Hola, amigos ¿han aprendido ya a parlar català? Supongo que no. Que la mayoría de ustedes aún no dominan a la perfección la lengua de Pla, Verdaguer o Jaume Cabré -por citar a un autor más contemporáneo-, pero ya les digo yo que de aquí a que se celebren las elecciones plebiscitarias, van a recitar el ‘Mon darrer bé’ de Ausias March como si fueran del Vendrell. Sí, porque si consideran que el atracón del ‘asunto catalán’ había terminado con la consulta del 9 de noviembre, ya les digo yo que se equivocan. ‘Mare meva, quina barbaritat’. Tomaba el otro día unas cañas con un amigo bastante guasón. Hablamos de lo que haríamos con una tarjeta ‘black’, de lo malo que viene el año con esto de las aceitunas y, obviamente, de Cataluña. Me comentaba que últimamente andaba con desvelo y que, tras probar incluso alguna medicina, había optado por los remedios caseros. Cenas frugales, lecturas a media luz, duchitas relajantes… y el sempiterno truco de contar ovejitas. Y ni así. Hasta que decidió cambiar los borreguitos por arturitos. Un arturito más, dos arturitos más, tres arturitos más… y al sexto arturito más, como un lirón. “Supongo que la tranquilidad que te confiere la familiaridad”, teorizaba mientras pedía al camarero que le pusiera la cuarta.
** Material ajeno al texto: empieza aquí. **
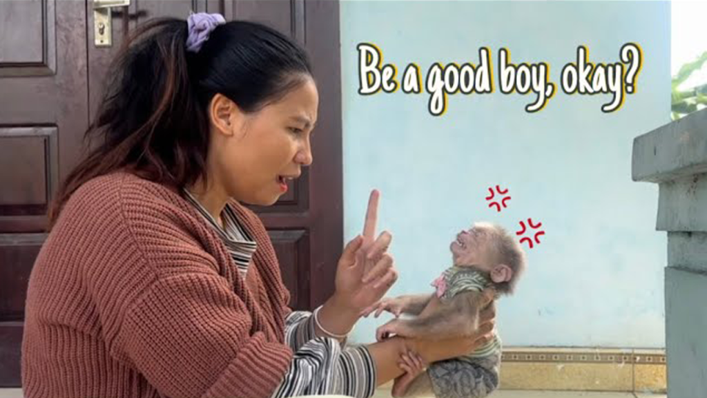The baby monkeys sat together, full of energy and attitude, clearly spoiled by too much attention and too little patience. When Mom tried to give gentle advice, they barely listened. Instead of calming down, they showed rude gestures—turning their faces away, stomping their feet, and making angry sounds as if Mom’s words meant nothing.
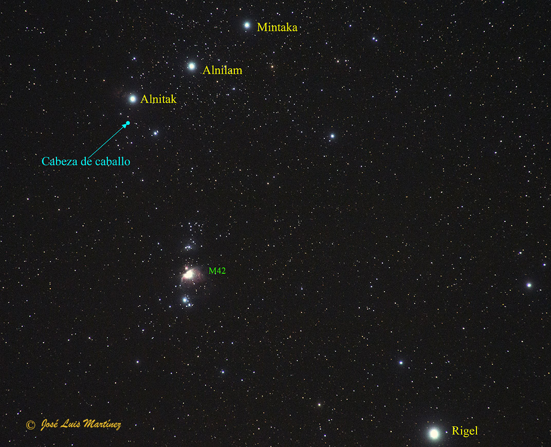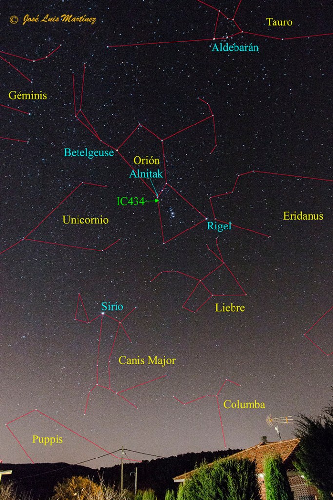 La siguiente fotografía, realizada desde Querol el día 16 de enero de 2016 con un telescopio refractor Long Perng ED80 y una cámara Canon EOS 70D, muestra, además de las tres nebulosas mencionadas, la nebulosa de la Flama (NGC 2024), justo «tocando» a Alnitak, la estrella tan brillante que está a la derecha de la nebulosa de la Flama. También se ve la estrella σ Ori, la responsable de que IC 434 brille. En la fotografía, es la estrella brillante que aparece por el centro y un poco a la derecha de la imagen.
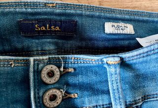 Pantalón vaquero de tiro alto con efecto push-in. - Cintura de doble botón. - Bolsillos delanteros. - Detalle de costura lateral.
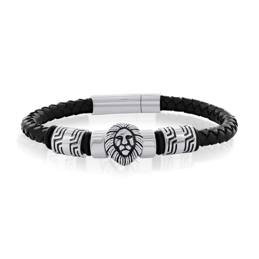 Stainless Steel Oxidized Lion, Genuine Leather Bracelet
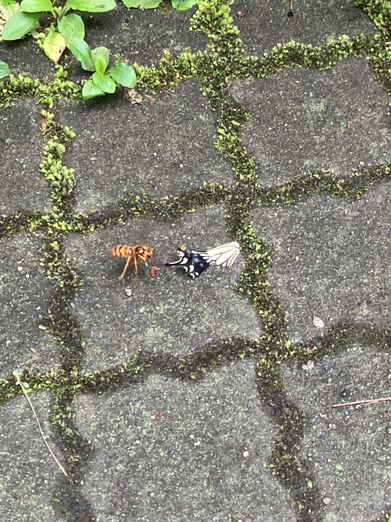 さらに、そのアゲハチョウの翅で肉団子を作ろとして上手くできないでいるキイロスズメバチの様子。
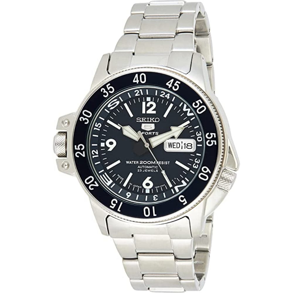 Dark Blue dial enhanced by luminous arrow-shaped hands. Silver-tone stainless steel case with a silver-tone stainless steel band. Automatic movement. 200m water resistance. Unidirectional rotating bezel. Scratch resistant Hardlex glass. Screw on the case back. Foldable with safety lock. Screw-down crown. Case Size: 42mm x 13mm 22mm long band.

Ironías aparte, lo cierto es que, en efecto, Cataluña puede ser, perfectamente, el principal problema de este país, instalado en la estupefacción desde hace ya unos cuantos años. Porque no hablamos solamente de la posibilidad de que se levante una alambrada en el valle de Arán o en el río Senia, sino de la constatación de que ya ha emergido un gran muro, el mental. Una versión más cercana de aquel ‘Mauer mi Kopf ‘ que separaba los pensamientos de los alemanes del oriente de los del occidente. Sí, las fobias y las divisiones ya están aquí. Y han venido para quedarse. Para mí, sin lugar a dudas, lo más preocupante. Y utilizo la primera persona del singular porque, al igual que decenas de miles de jienenses o andaluces unidos con Cataluña por los graníticos lazos de la sangre, asistimos atónitos a la pérdida de un referente emocional. Tengo la absoluta convicción de que votar siempre fue, es y será bueno, pero también tengo la absoluta convicción de que, en este mundo de las grandes estructuras políticas, la solución no pasa por crear microestados. Estoy seguro de que Cataluña lo pasará tan mal como España. ¿Hay necesidad? Pues que hablen de una puñetera vez, ‘collons’.

Mientras tanto, mientras deshojan la margarita y se alimentan las aversiones, exijo, como ciudadano que paga sus impuestos, que provincias como Jaén o Granada también tengan la consideración de ‘problema’. Sí, porque tan real y respetable es el anhelo independentista de 1,8 millones de catalanes como la preocupación superlativa de 1,6 millones de jienenses y granadinos que soportan una tasa de paro del cuarenta por ciento. Pido que también se hable de nosotros. De nuestras carencias de infraestructuras. De nuestros déficits de industrialización. De nuestras vidas. De nuestras esperanzas. De nuestro mañana.